[Stored items]
⁂

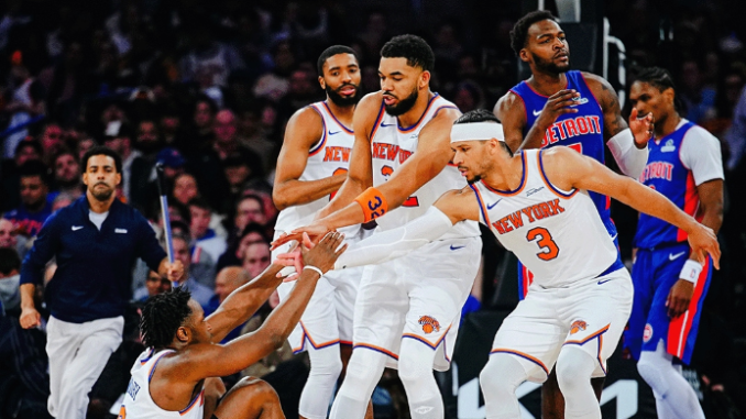 NY could not stop 6’6 Cade Cunningham, who destroyed them all night with killer 3’s and buckets inside for 42 pts on 17-34 shooting (5-11 from 3). And 6’9 journeyman Paul Reed — who started at center in place of an injured Jalen Duran — did a Job on Karl-Anthony Towns, making his life difficult — although Towns got his. Reed scored 18 pts on 7-9 shooting and blocked Towns inside several times in the 2nd half. Detroit’s bench killed NY as well — with Caris LaVert, Daniss Jenkins, Ronald Holland II, Javonte Green, and Tolu Smith going a combined 13-20 from the floor (4-7 from 3) for 36 pts.
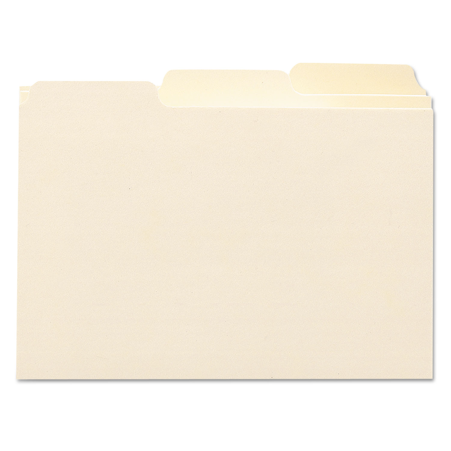 Ideal for organizing desktop reference files, account lists, patient or customer lists. Made of heavyweight manila stock for extra durability. Guide Size: 4 x 6; Tab Type: Top Tab; Tab Cut: 1/3-Cut; Tab Position: Assorted.
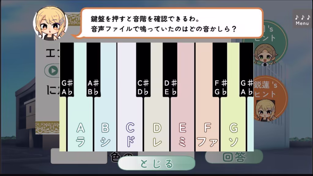 This game features numerous "ear-solving" gimmicks, including audio, sheet music, and instrument performances.
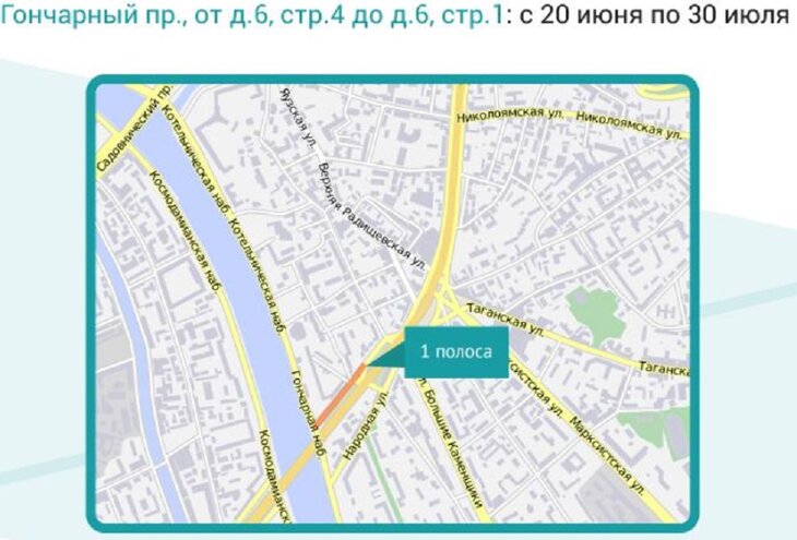 В частности, ограничения введут на участке от дома 6, строение 4 до дома 6, строение 1 по Гончарному проезду.
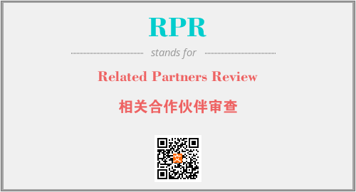 上述内容是“Related Partners Review”作为“RPR”的缩写,解释为“相关合作伙伴审查”时的信息,以及英文缩略词RPR所代表的英文单词,其对应的中文拼音、详细解释以及在英文中的流行度和相关分类、应用领域及应用示例等。
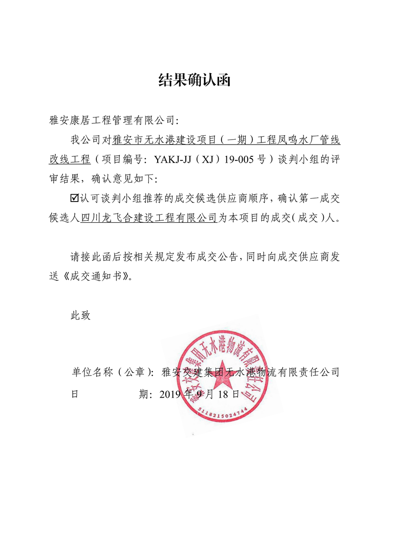 雅安交建集團(tuán)無(wú)水港物流有限責(zé)任公司雅安市無(wú)水港建設(shè)項(xiàng)目(一期)工程鳳鳴水廠(chǎng)管線(xiàn)改線(xiàn)工程競(jìng)爭(zhēng)性談判結(jié)果公示
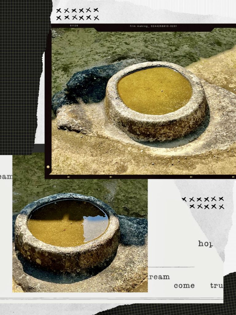 Hier sind wir im Saal der astronomischen Spiegel. Diese beiden durch Wasser geschaffenen Spiegelflächen dienten der Feststellung der Wintersonnenwende und der Tagundnachtgleiche.
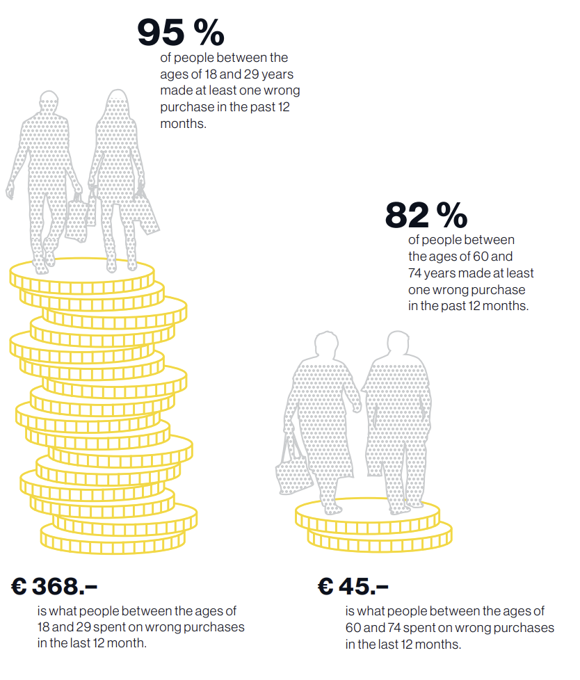 Fortunately, wrong purchases go down the older one becomes. While 95% of adults between the ages of 18 and 29 years say they have made at least one wrong purchase in the past 12 months, the percentage drops to 82% for people between the ages of 60 and 74 years. Even more telling is the decline in spending levels. Best agers, for example, say they have spent €45 on wrong purchases in the past 12 months. According to their figures, 18- to 29-year-olds spent €368 in the same period, around eight times as much on items they subsequently rated as wrong purchases.
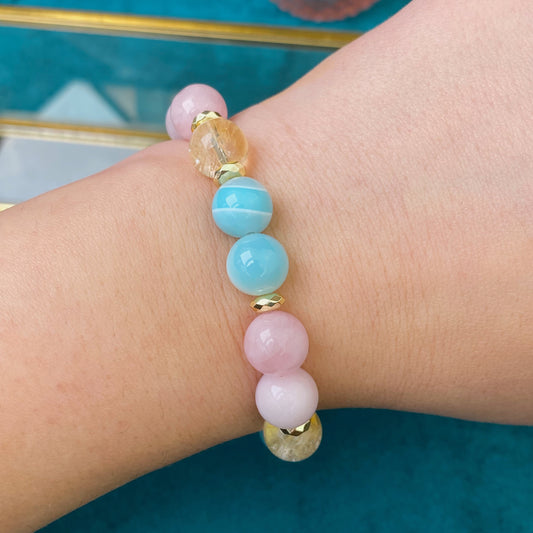 Madagascar Rose Quartz bracelet with Citrine and Agate (Madagascar Rose Quartz, Citrine, Agate,10mm.For love, money and luck)
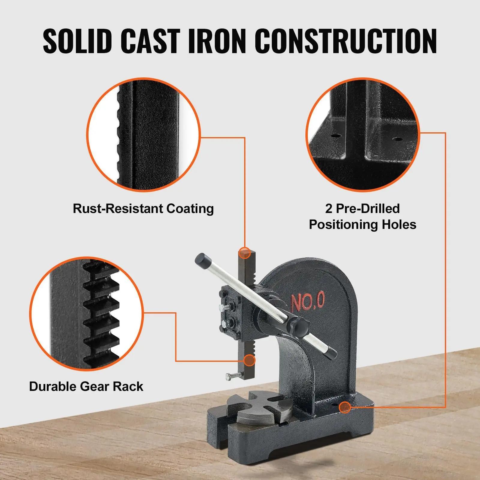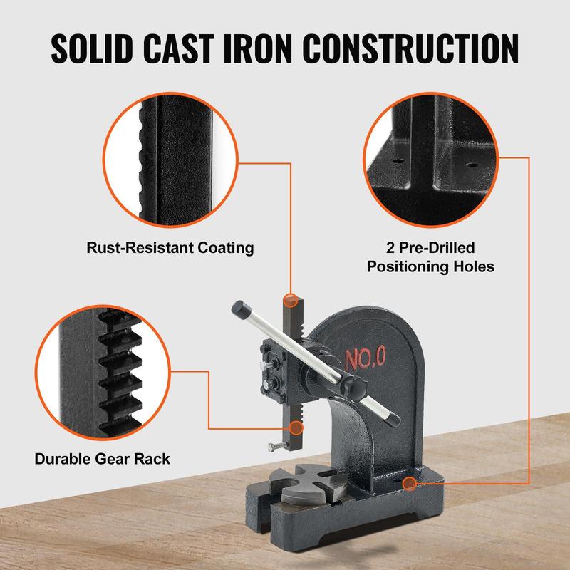 • Durable Construction: Crafted from high-strength cast iron, this manual arbor press is designed for long-term use without deformation or fracture. The overall anti-rust coating protects against corrosion, and the anvil plate is polished to ensure safety with no sharp edges.
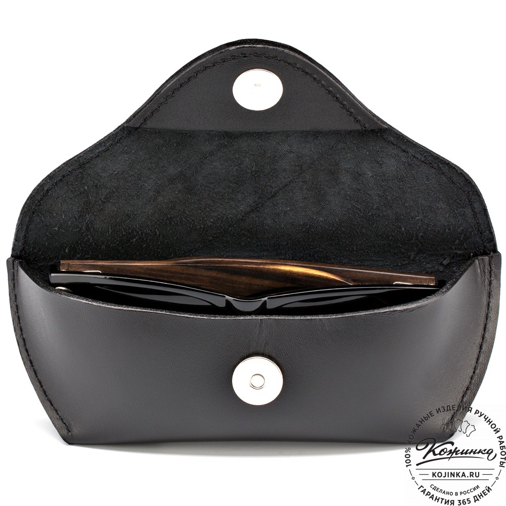 Кожаный футляр для очков (чёрный) – стильный аксессуар для истинных ценителей натуральной кожи.

⁂

*ACTIVITY*: Produce an exact copy of each line of data, skipping embedded images.

*PROBLEM SOLUTION*:
 NY could not stop 6’6 Cade Cunningham, who destroyed them all night with killer 3’s and buckets inside for 42 pts on 17-34 shooting (5-11 from 3). And 6’9 journeyman Paul Reed — who started at center in place of an injured Jalen Duran — did a Job on Karl-Anthony Towns, making his life difficult — although Towns got his. Reed scored 18 pts on 7-9 shooting and blocked Towns inside several times in the 2nd half. Detroit’s bench killed NY as well — with Caris LaVert, Daniss Jenkins, Ronald Holland II, Javonte Green, and Tolu Smith going a combined 13-20 from the floor (4-7 from 3) for 36 pts.
 Ideal for organizing desktop reference files, account lists, patient or customer lists. Made of heavyweight manila stock for extra durability. Guide Size: 4 x 6; Tab Type: Top Tab; Tab Cut: 1/3-Cut; Tab Position: Assorted.
 This game features numerous "ear-solving" gimmicks, including audio, sheet music, and instrument performances.
 В частности, ограничения введут на участке от дома 6, строение 4 до дома 6, строение 1 по Гончарному проезду.
 上述内容是“Related Partners Review”作为“RPR”的缩写,解释为“相关合作伙伴审查”时的信息,以及英文缩略词RPR所代表的英文单词,其对应的中文拼音、详细解释以及在英文中的流行度和相关分类、应用领域及应用示例等。
 雅安交建集團(tuán)無(wú)水港物流有限責(zé)任公司雅安市無(wú)水港建設(shè)項(xiàng)目(一期)工程鳳鳴水廠(chǎng)管線(xiàn)改線(xiàn)工程競(jìng)爭(zhēng)性談判結(jié)果公示
 Hier sind wir im Saal der astronomischen Spiegel. Diese beiden durch Wasser geschaffenen Spiegelflächen dienten der Feststellung der Wintersonnenwende und der Tagundnachtgleiche.
 Fortunately, wrong purchases go down the older one becomes. While 95% of adults between the ages of 18 and 29 years say they have made at least one wrong purchase in the past 12 months, the percentage drops to 82% for people between the ages of 60 and 74 years. Even more telling is the decline in spending levels. Best agers, for example, say they have spent €45 on wrong purchases in the past 12 months. According to their figures, 18- to 29-year-olds spent €368 in the same period, around eight times as much on items they subsequently rated as wrong purchases.
 Madagascar Rose Quartz bracelet with Citrine and Agate (Madagascar Rose Quartz, Citrine, Agate,10mm.For love, money and luck)
 • Durable Construction: Crafted from high-strength cast iron, this manual arbor press is designed for long-term use without deformation or fracture. The overall anti-rust coating protects against corrosion, and the anvil plate is polished to ensure safety with no sharp edges.
 Кожаный футляр для очков (чёрный) – стильный аксессуар для истинных ценителей натуральной кожи.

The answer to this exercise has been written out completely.